_TASK TO COMPLETE_
Taking the entries below, transcribe only the lines starting with the one with "Comfortable and practical" and going on through the one with "Dark blue background", exactly as written, without the pictures.

_TASK INPUT_
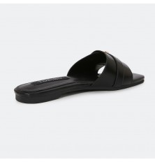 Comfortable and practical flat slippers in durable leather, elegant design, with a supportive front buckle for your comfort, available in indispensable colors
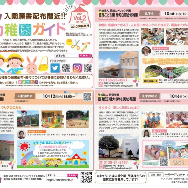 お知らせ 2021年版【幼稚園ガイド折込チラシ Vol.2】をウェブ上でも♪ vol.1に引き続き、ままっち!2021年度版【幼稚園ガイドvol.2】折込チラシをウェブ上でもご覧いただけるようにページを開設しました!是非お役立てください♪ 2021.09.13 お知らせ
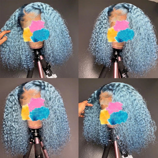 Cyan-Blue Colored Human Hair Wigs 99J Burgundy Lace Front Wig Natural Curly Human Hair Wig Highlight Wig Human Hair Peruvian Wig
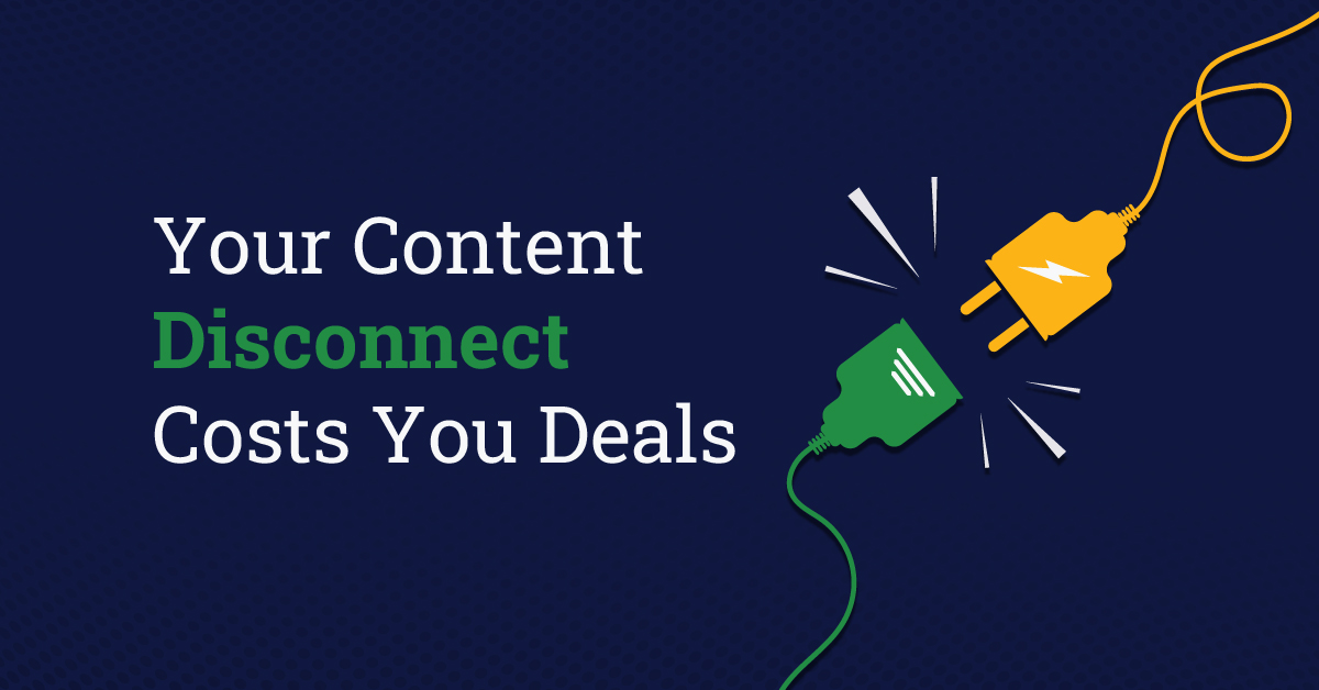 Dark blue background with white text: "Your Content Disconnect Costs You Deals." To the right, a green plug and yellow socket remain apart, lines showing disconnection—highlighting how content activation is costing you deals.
==
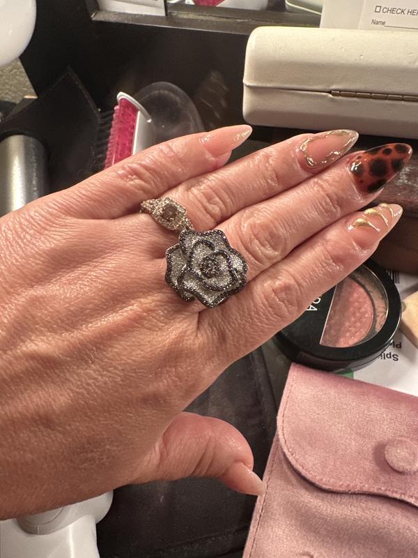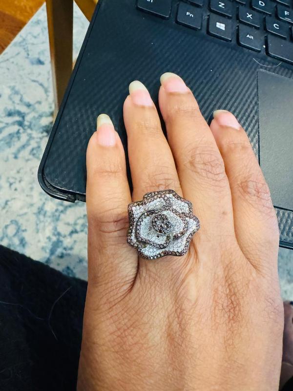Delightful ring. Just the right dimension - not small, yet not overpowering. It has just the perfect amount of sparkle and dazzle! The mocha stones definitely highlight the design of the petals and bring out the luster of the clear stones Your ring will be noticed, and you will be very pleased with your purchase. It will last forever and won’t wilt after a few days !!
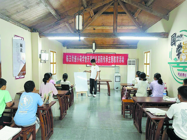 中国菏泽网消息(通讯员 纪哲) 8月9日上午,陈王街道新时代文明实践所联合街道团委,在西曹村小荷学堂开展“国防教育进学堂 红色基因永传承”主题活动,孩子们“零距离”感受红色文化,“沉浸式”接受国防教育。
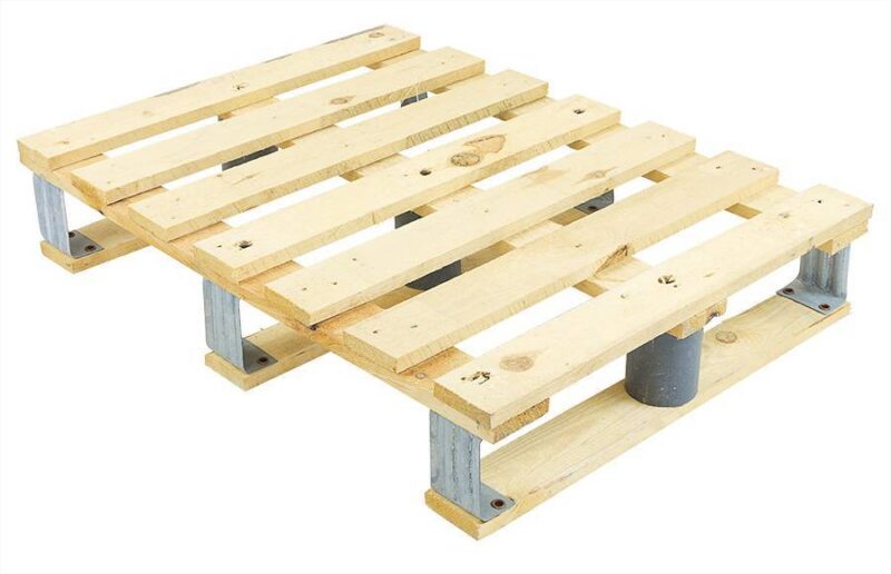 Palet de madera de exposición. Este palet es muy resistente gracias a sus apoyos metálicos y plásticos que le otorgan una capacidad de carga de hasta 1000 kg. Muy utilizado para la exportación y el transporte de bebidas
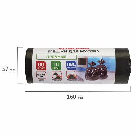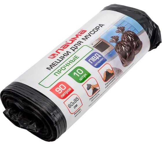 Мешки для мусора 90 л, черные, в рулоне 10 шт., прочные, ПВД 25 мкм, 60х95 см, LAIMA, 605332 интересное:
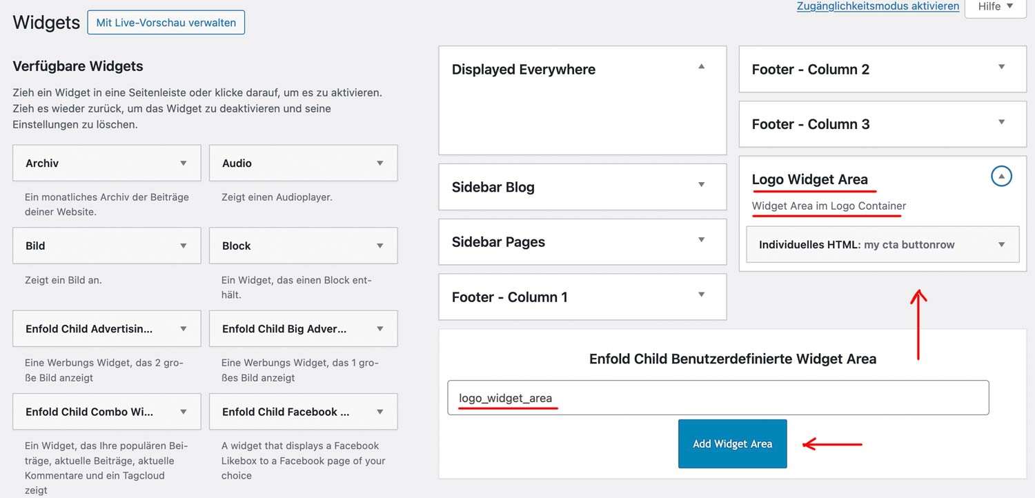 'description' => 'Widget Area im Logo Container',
--
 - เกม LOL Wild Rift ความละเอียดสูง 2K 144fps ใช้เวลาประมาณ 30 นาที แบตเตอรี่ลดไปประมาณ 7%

_EXERCISE RESULT_
 Comfortable and practical flat slippers in durable leather, elegant design, with a supportive front buckle for your comfort, available in indispensable colors
 お知らせ 2021年版【幼稚園ガイド折込チラシ Vol.2】をウェブ上でも♪ vol.1に引き続き、ままっち!2021年度版【幼稚園ガイドvol.2】折込チラシをウェブ上でもご覧いただけるようにページを開設しました!是非お役立てください♪ 2021.09.13 お知らせ
 Cyan-Blue Colored Human Hair Wigs 99J Burgundy Lace Front Wig Natural Curly Human Hair Wig Highlight Wig Human Hair Peruvian Wig
 Dark blue background with white text: "Your Content Disconnect Costs You Deals." To the right, a green plug and yellow socket remain apart, lines showing disconnection—highlighting how content activation is costing you deals.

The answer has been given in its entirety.